"It's about love," says Newbery author Rebecca Stead, describing her new novel, Goodbye Stranger (Random House/Wendy Lamb, Aug.). "And when I say it's a love story, I mean all kinds of love. It's mostly about the love between friends." The best friends in the spotlight are three girls who, in their seventh-grade year, "end up diverging from one another in very different ways," says the author. "It's about how they figure out who they are."
Comparing her latest work to her previous titles, Stead cites both distinctions and similarities. "This one is a little older," she observes. "It's more complex in its structure, and the subject matter is a little more mature. There are questions of sexual identity, and one character wonders what it means when the whole world looks at you differently because your body has changed a lot."

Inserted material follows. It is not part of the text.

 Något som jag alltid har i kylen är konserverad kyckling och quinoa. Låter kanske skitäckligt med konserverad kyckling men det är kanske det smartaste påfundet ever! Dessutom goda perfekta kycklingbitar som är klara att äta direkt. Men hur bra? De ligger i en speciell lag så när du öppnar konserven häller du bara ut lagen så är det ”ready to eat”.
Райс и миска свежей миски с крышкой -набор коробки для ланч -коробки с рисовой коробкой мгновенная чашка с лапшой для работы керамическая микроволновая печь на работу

Like Stead's earlier novels, Goodbye Stranger touches on issues of identity. "I'm always thinking about identity," she says. "And the middle-school years are a time of exploring questions about who you are and who you want to be. For the first time, you see the world in a broader sense. I remember having questions at that age about how the world saw me."

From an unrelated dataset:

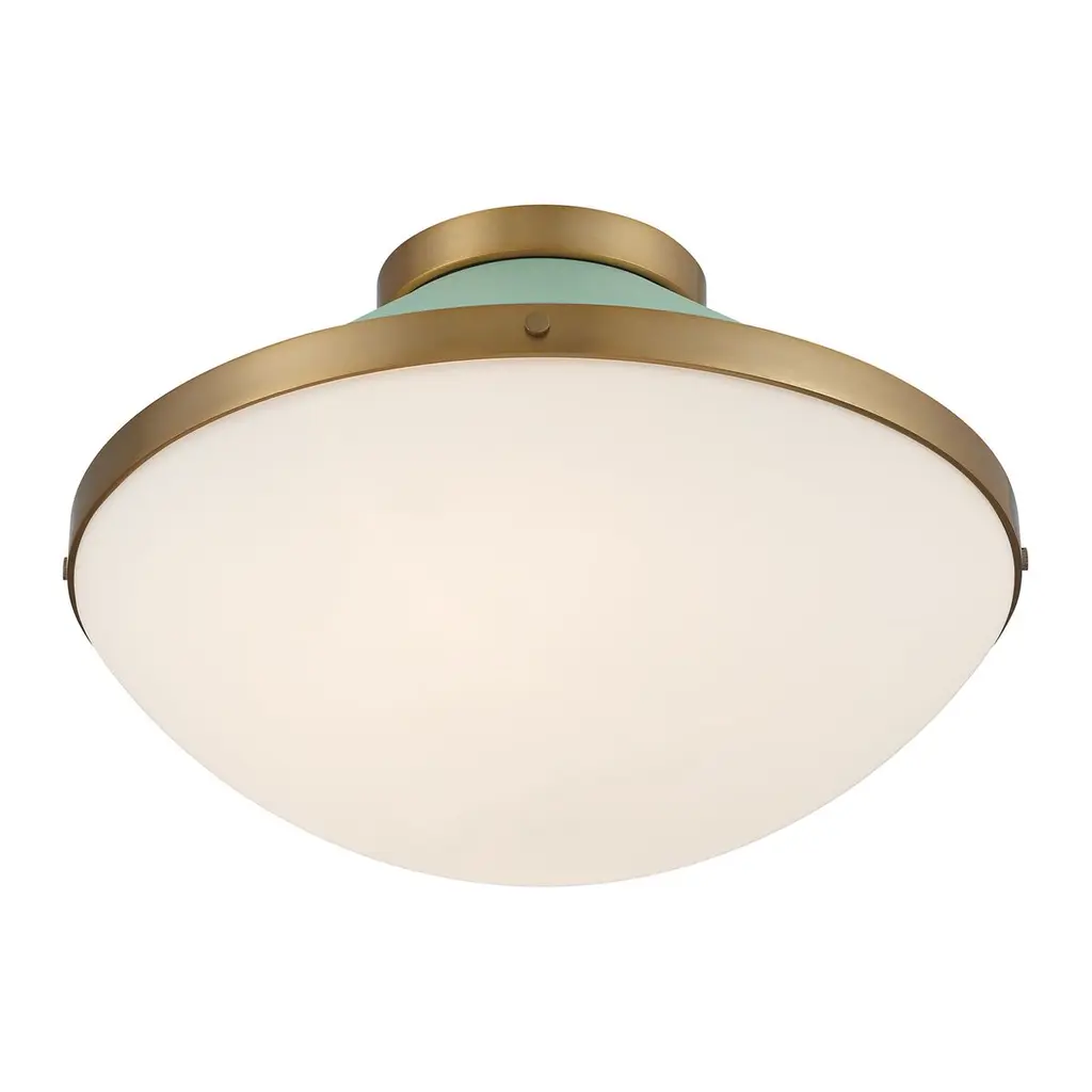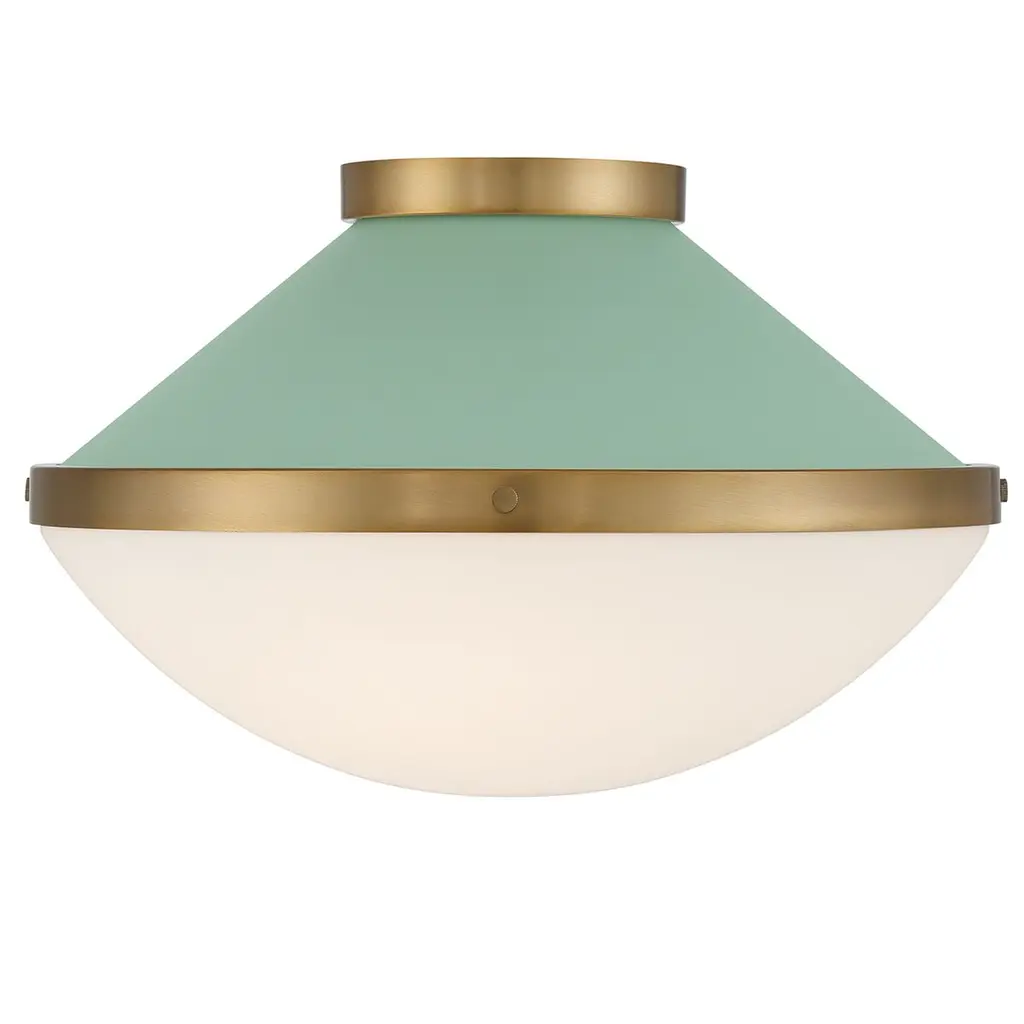 The Xander collection features a playful, mid-century-inspired design with clean lines and fun pops of color. It has white opal glass and gold accents, creating a two-toned finish that adds a touch of whimsy. This versatile fixture can be used in various settings, making it a stylish and functional addition to any room.

Such questions are typically the grist for Stead's writing mill. "I like to write about questions that interest me, not the conclusions I've come to," she says. "I try to write about internal experience versus the external self. I like to present ideas, but not package them neatly. As a reader, I much prefer to read a book where people embody all kinds of ideas and everybody is making mistakes."
At BEA, Stead is eager to feel what she calls "book excitement," about her own new release as well as other authors' projects. "As a writer, if I'm being good, I'm alone," she says. "When I do have a chance to get together with passionate book people, there is so much excitement and energy in talking about books that you love. And finding out that you've read and loved the same thing is always a great moment."

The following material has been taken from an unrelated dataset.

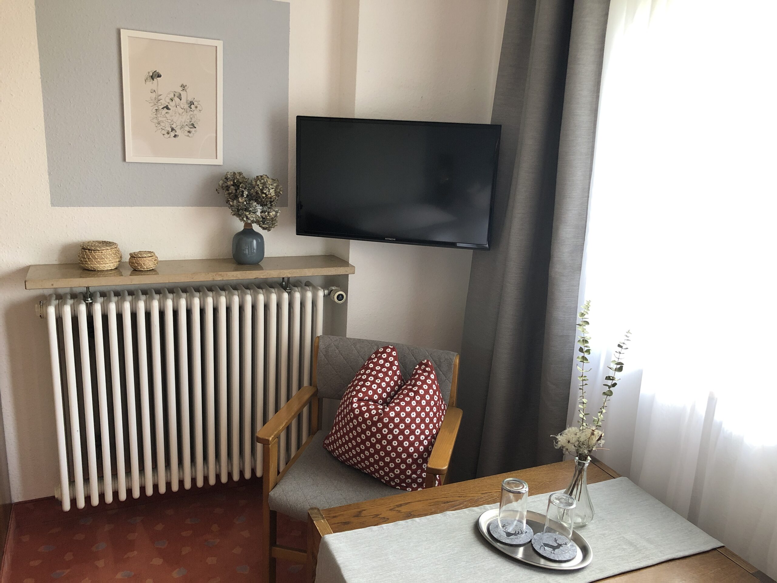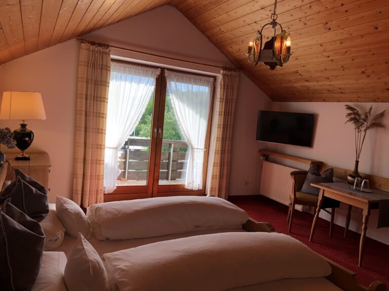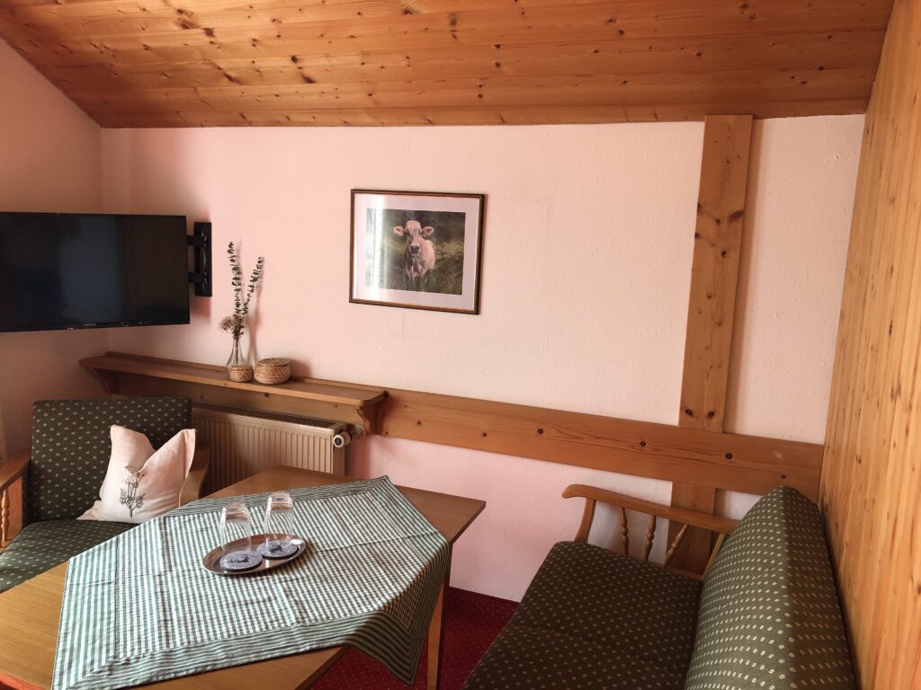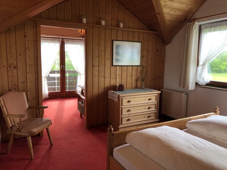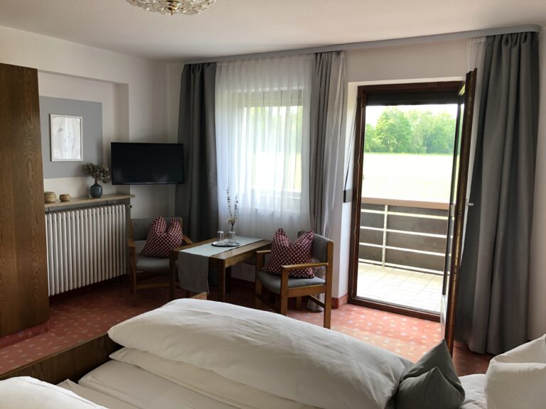 Das Zimmer „Wiesenglück“ besteht aus einem geräumigen Schlafzimmer und einem gemütlichen Fernsehzimmer. Der Balkon bietet einen wunderschönen Aus- und Weitblick auf Wiesen und Felder.

Looking further ahead, Stead says she is "gathering wool," mulling over what she might want to write next. "I'm going to take some time this summer and lie fallow, hopefully in an optimistic way," she says. In the meantime, fans can pick up ARCs of Goodbye Stranger during Stead's ticketed signing this morning, 9–10 a.m., at the Penguin Random House booth (3119), at Table 3.
This article appeared in the May 28, 2015 edition of PW BEA Show Daily.